In this chapter we first describe the class InetAddress, which is useful for network programming no matter which style of primitives are used. Then we discuss primitives for programming using sockets. These sockets may use either the Universal Datagram Protocol (UDP), or the Transmission Control Protocol (TCP). We give an example of an echo server using sockets based on the UDP protocol and a simple name server using sockets based on the TCP protocol. Finally, we discuss programming using remote method invocations.

6.2 InetAddress Class

For any kind of distributed application, we need the notion of an Internet address. Any computer connected to the Internet (called a host) can be uniquely identified by an address called an IP address. Since addresses are difficult to remember, each host also has a hostname. It is the task of a domain name system (DNS) server to provide the mapping from a hostname to its address. Java provides a class Java.net. Inetaddress, which can be used for this translation. The relevant methods for the class InetAddress are given below:

public byte[] getAddress()
    Returns the raw IP address of this InetAddress object.
public static InetAddress getByName(String)
    Determines the IP address of a host, given the host’s name.
public String getHostAddress()
    Returns the IP address string "%d.%d.%d.%d"
public String getHostName()
    Returns the fully qualified host name for this address.
public static InetAddress getLocalHost()
    Returns the local host.

6.3 Sockets based on UDP

Sockets are useful in writing programs based on communication using messages. A Socket is an object that can be used to send and receive messages. There are primarily two protocols used for sending and receiving messages: Universal Datagram Protocol (UDP) and Transmission Control Protocol (TCP). The UDP provides a low-level connectionless protocol. This means that packets sent using UDP are not guaranteed to be received in the order sent. In fact, the UDP protocol does not even guarantee reliability, that is, packets may get lost. The protocol does not use any handshaking mechanisms (such as acknowledgments) to detect loss of packets. Why is UDP useful, then? Because, even though UDP may lose packets, in practice, this is rarely the case. Since there are no overheads associated with error checking, UDP is an extremely efficient protocol.

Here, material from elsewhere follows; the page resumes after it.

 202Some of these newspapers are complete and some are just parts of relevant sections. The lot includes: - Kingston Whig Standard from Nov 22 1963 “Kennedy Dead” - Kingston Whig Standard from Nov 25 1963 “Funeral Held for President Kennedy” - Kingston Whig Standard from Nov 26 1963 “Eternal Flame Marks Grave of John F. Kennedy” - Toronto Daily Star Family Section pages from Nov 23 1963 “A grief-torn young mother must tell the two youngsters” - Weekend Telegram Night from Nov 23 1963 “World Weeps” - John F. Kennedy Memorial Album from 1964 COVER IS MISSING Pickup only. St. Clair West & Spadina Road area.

The TCP protocol is a reliable connection-oriented protocol. It also guarantees ordered delivery of packets. Needless to say, TCP is not as efficient as UDP.

6.3.1 Datagram Sockets

The first class that we use is DatagramSocket which is based on the UDP protocol. This class represents a socket for sending and receiving datagram packets. A datagram socket is the sending or receiving point for a connectionless packet delivery service. Each packet sent or received on a datagram socket is individually addressed and routed. Multiple packets sent from a machine to another may be routed differently, and may arrive in any order. This class provides a very low level interface for sending and receiving messages. There are few guarantees associated with datagram sockets. An advantage of datagram sockets is that it allows fast data transmission.

The details for the methods in this class are given below. To construct a DatagramSocket, we can use one of the following constructors:

public DatagramSocket()
public DatagramSocket(int port)
public DatagramSocket(int port, InetAddress laddr)

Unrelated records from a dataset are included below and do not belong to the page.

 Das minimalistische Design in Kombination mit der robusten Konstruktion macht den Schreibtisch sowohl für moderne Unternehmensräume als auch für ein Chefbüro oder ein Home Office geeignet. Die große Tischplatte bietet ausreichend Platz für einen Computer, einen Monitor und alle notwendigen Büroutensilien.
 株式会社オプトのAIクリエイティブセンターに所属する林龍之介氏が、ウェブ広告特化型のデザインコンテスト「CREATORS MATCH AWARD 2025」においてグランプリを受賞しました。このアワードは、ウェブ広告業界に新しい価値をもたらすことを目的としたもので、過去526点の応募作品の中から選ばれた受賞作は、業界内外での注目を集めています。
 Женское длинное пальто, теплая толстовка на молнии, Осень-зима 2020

The first constructor constructs a datagram socket and binds it to any available port on the local host machine. Optionally, a port may be specified as in the second constructor. The last constructor creates a datagram socket, bound to the specified local address. These constructors throw SocketException if the socket could not be opened, or if the socket could not bind the specified local port.

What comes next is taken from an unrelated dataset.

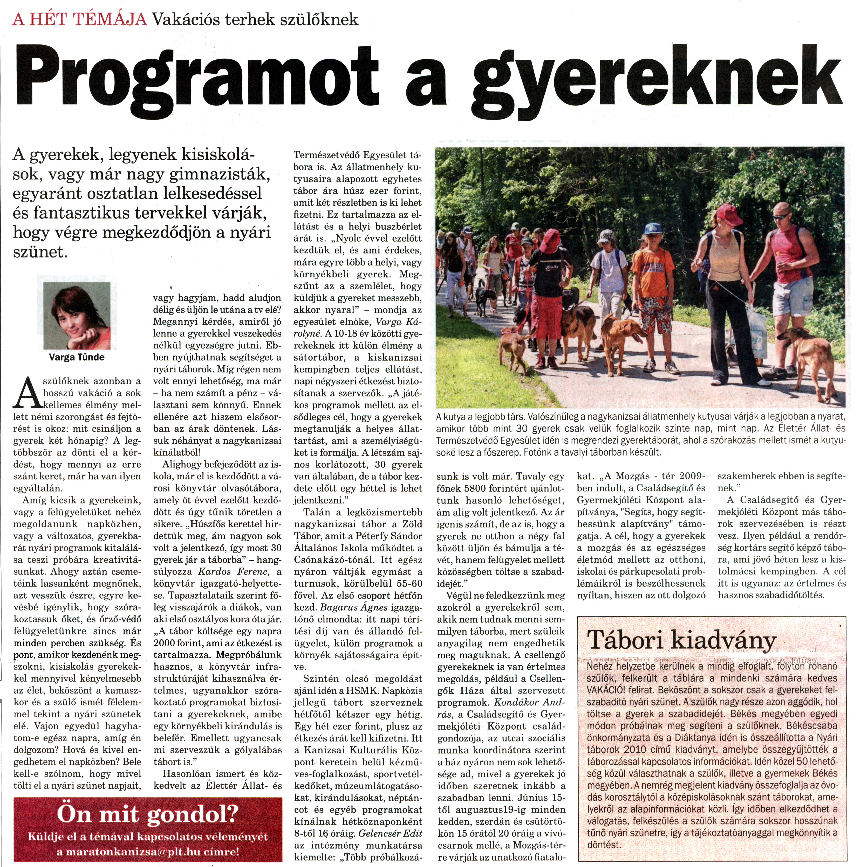 Nyilvános 1168 | 1839 | Nagykanizsai Maraton 2010. június 18. 24. szám 3. oldal - Programot a gyereknek. Benne: a könyvtár nyári tábora | A cikk szövege: A HÉT TÉMÁJA Vakációs terhek szülőknek Programot a gyereknek A gyerekek, legyenek kisiskolások, vagy már nagy gimnazisták, egyaránt osztatlan lelkesedéssel és fantasztikus tervekkel várják, hogy végre megkezdődjön a nyári szünet. A kutya a legjobb társ. Valószínűleg a nagykanizsai állatmenhely kutyusai várják a legjobban a nyarat, amikor több mint 30 gyerek csak velük foglalkozik szinte nap, mint nap. Az Élettér Állat- és Természetvédő Egyesület Idén is megrendezi gyerektáborát, ahol a szórakozás mellett ismét a kutyusoké lesz a főszerep. Fotónk a tavalyi táborban készült. Varga Tünde A szülőknek azonban a hosszú vakáció a sok kellemes élmény mellett némi szorongást és fejtörést is okoz: mit csináljon a gyerek két hónapig? A legtöbbször az dönti el a kérdést, hogy mennyi az erre szánt keret, már ha van ilyen egyáltalán. Amíg kicsik a gyerekeink, vagy a felügyeletüket nehéz megoldanunk napközben, vagy a változatos, gyerekbarát nyári programok kitalálása teszi próbára kreativitásunkat. Ahogy aztán csemetéink lassanként megnőnek, azt vesszük észre, egyre kevésbé igénylik, hogy szórakoztassuk őket, és őrző-védő felügyeletünkre sincs már minden percben szükség. És pont, amikor kezdenénk megszokni, kisiskolás gyerekekkel mennyivel kényelmesebb az élet, beköszönt a kamaszkor és a szülő ismét félelemmel tekint a nyári szünetek elé. Vajon egyedül hagyhatom-e egész napra, amíg én dolgozom? Hová és kivel engedhetem el napközben? Bele kell-e szólnom, hogy mivel tölti el a nyári szünet napjait, vagy hagyjam, hadd aludjon délig és üljön le utána a tv elé? Megannyi kérdés, amiről jó lenne a gyerekkel veszekedés nélkül egyezségre jutni. Ebben nyújthatnak segítséget a nyári táborok. Míg régen nem volt ennyi lehetőség, ma már - ha nem számít a pénz - választani sem könnyű. Ennek ellenére azt hiszem elsősorban az árak döntenek. Lássuk néhányat a nagykanizsai kínálatból! Alighogy befejeződött az iskola, már el is kezdődött a városi könyvtár olvasótábora, amely öt évvel ezelőtt kezdődött és úgy tűnik töretlen a sikere. „Húszfős kerettel hirdettük meg, ám nagyon sok volt a jelentkező, így most 30 gyerek jár a táborba" - hangsúlyozza Kardos Ferenc, a könyvtár igazgató-helyettese. Tapasztalataik szerint főleg visszajárok a diákok, van aki első osztályos kora óta jár. „A tábor költsége egy napra 2000 forint, ami az étkezést is tartalmazza. Megpróbálunk hasznos, a könyvtár infrastruktúráját kihasználva értelmes, ugyanakkor szórakoztató programokat biztosítani a gyerekeknek, amibe egy környékbeli kirándulás is belefér. Emellett ugyancsak mi szervezzük a gólyalábas tábort is." Hasonlóan ismert és közkedvelt az Élettér Állat- és Természetvédő Egyesület tábora is. Az állatmenhely kutyusaira alapozott egyhetes tábor ára húsz ezer forint, amit két részletben is ki lehet fizetni. Ez tartalmazza az ellátást és a helyi buszbérlet árát is. „Nyolc évvel ezelőtt kezdtük el, és ami érdekes, mára egyre több a helyi, vagy környékbeli gyerek. Megszűnt az a szemlélet, hogy küldjük a gyereket messzebb, akkor nyaral" - mondja az egyesület elnöke, Varga Károlyné. A 10-18 év közötti gyerekeknek itt külön élmény a sátortábor, a kiskanizsai kempingben teljes ellátást, napi négyszeri étkezést biztosítanak a szervezők. „A játékos programok mellett az elsődleges cél, hogy a gyerekek megtanulják a helyes állattartást, ami a személyiségüket is formálja. A létszám sajnos korlátozott, 30 gyerek van általában, de a tábor kezdete előtt egy héttel is lehet jelentkezni." Talán a legközismertebb nagykanizsai tábor a Zöld Tábor, amit a Péterfy Sándor Általános Iskola működtet a Csónakázó-tónál. Itt egész nyáron váltják egymást a turnusok, körülbelül 55-60 fővel. Az első csoport hétfőn kezd. Bagarus Ágnes igazgatónő elmondta: itt napi térítési díj van és állandó felügyelet, külön programok a környék sajátosságaira építve. Szintén olcsó megoldást ajánl idén a HSMK. Napközis jellegű tábort szerveznek hétfőtől kétszer egy hétig. Egy hét ezer forint, plusz az étkezés árát kell kifizetni. Itt a Kanizsai Kulturális Központ keretein belül kézműves-foglalkozást, sportvetélkedőket, múzeumlátogatásokat, kirándulásokat, néptáncot és egyéb programokat kínálnak hétköznaponként 8-tól 16 óráig. Gelencsér Edit az intézmény munkatársa kiemelte: „Több próbálkozásunk is volt már. Tavaly egy főnek 5800 forintért ajánlottunk hasonló lehetőséget, ám alig volt jelentkező. Az ár igenis számít, de az is, hogy a gyerek ne otthon a négy fal között üljön és bámulja a tévét, hanem felügyelet mellett közösségben töltse a szabadidejét." Végül ne feledkezzünk meg azokról a gyerekekről sem, akik nem tudnak menni semmilyen táborba, mert szüleik anyagilag nem engedhetik meg maguknak. A csellengő gyerekeknek is van értelmes megoldás, például a Csellengők Háza által szervezett programok. Kondákor András, a Családsegítő és Gyermekjóléti Központ családgondozója, az utcai szociális munka koordinátora szerint a ház nyáron nem sok lehetőséget ad, mivel a gyerekek jó időben szeretnek inkább a szabadban lenni. Június 15-től augusztus l9-ig minden kedden, szerdán és csütörtökön 15 órától 20 óráig a vívócsarnok mellé, a Mozgás-térre várják az unatkozó fiatalokat. „A Mozgás - tér 2009-ben indult, a Családsegítő és Gyermekjóléti Központ alapítványa, "Segíts, hogy segíthessünk alapítvány" támogatja. A cél, hogy a gyerekek a

The other important methods of this class are as follows:

1. public void close(): This method closes a datagram socket.

2. public int getLocalPort(): To get the information about the socket, one can use this method, which returns the port number on the local host to which this socket is bound.

3. public InetAddress getLocalAddress(): This method gets the local address to which the socket is bound.

4. public void receive(DatagramPacket p): This method receive receives a datagram packet from this socket. When this method returns, the Data-gramPacket’s buffer is filled with the data received. The datagram packet also contains the sender’s IP address and the port number on the sender’s machine. Note that this method blocks until a datagram is received. The length field of the datagram packet object contains the length of the received message. If the message is longer than the buffer length, the message is truncated. It throws IOException if an I/O error occurs. The blocking can be avoided by setting the timeout.

5. public void send(DatagramPacket p): This method sends a datagram packet from this socket. The DatagramPacket includes information indicating the data to be sent, its length, the IP address of the remote host, and the port number on the remote host.

6.3.2 DatagramPacket Class

The DatagramSocket class required data to be sent as datagram packets. The class java.net.DatagramPacket is used for that. Its definition is given below.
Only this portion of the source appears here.